Ironwood / Olneya tesota signals summer beginning in a more subtle manner than golden palo verdes signal spring in Arizona’s Sonoran Desert. We’re far enough west yet just high enough in elevation, there’s a richer plant diversity here than to my west or the last section of Sonoran Desert in the Gila Valley west of Safford.

I drove back and did a U-turn to get these Ironwood photos! What’s 20 more minutes added to one 5-1/2 hour drive?

These hills look enjoyable to more than a driver, including by horseback or mountain bike.


This heavily farmed area between Pima and Safford blurs what the original vegetation cover was here. The climatology and nearby, wild areas indicate to me it’s the ecotone where the Chihuahuan and Sonoran deserts overlap.

Which I’ll explore in a future blog post, to see which desert overlaps more.
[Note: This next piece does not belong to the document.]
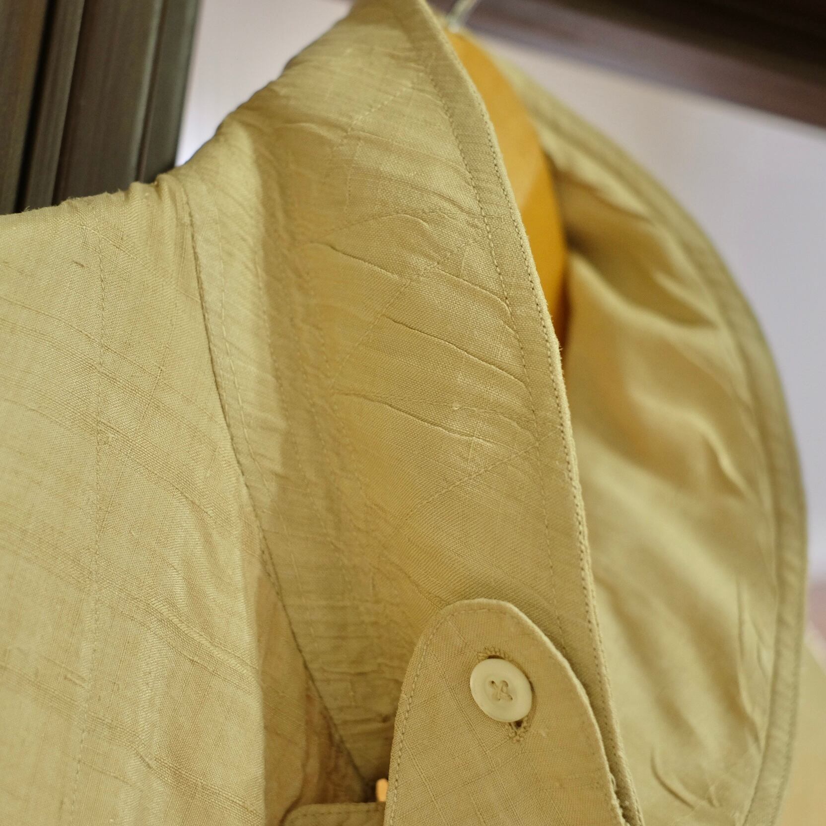 襟裏のステッチや大振りなシェルボタン、ハンドステッチのボタンホールなど古い時代のフレンチらしいディテールも魅力的です。

That distant plateau in tan grasses, Frye Mesa, looks like it would be interesting to explore. Especially with the range of elevations, 2,900 feet where I took the photo to 10,700 feet on the top of still-snow-capped Mount Graham.

7,800 feet of elevation change in a short distance must hide many treasures.

Which is yet another post, how some southwestern towns have amazing mountain backdrops and changes in plants and climate. Those are to be enjoyed, but not used to justify forcing colder, wetter plant species in town to deny place.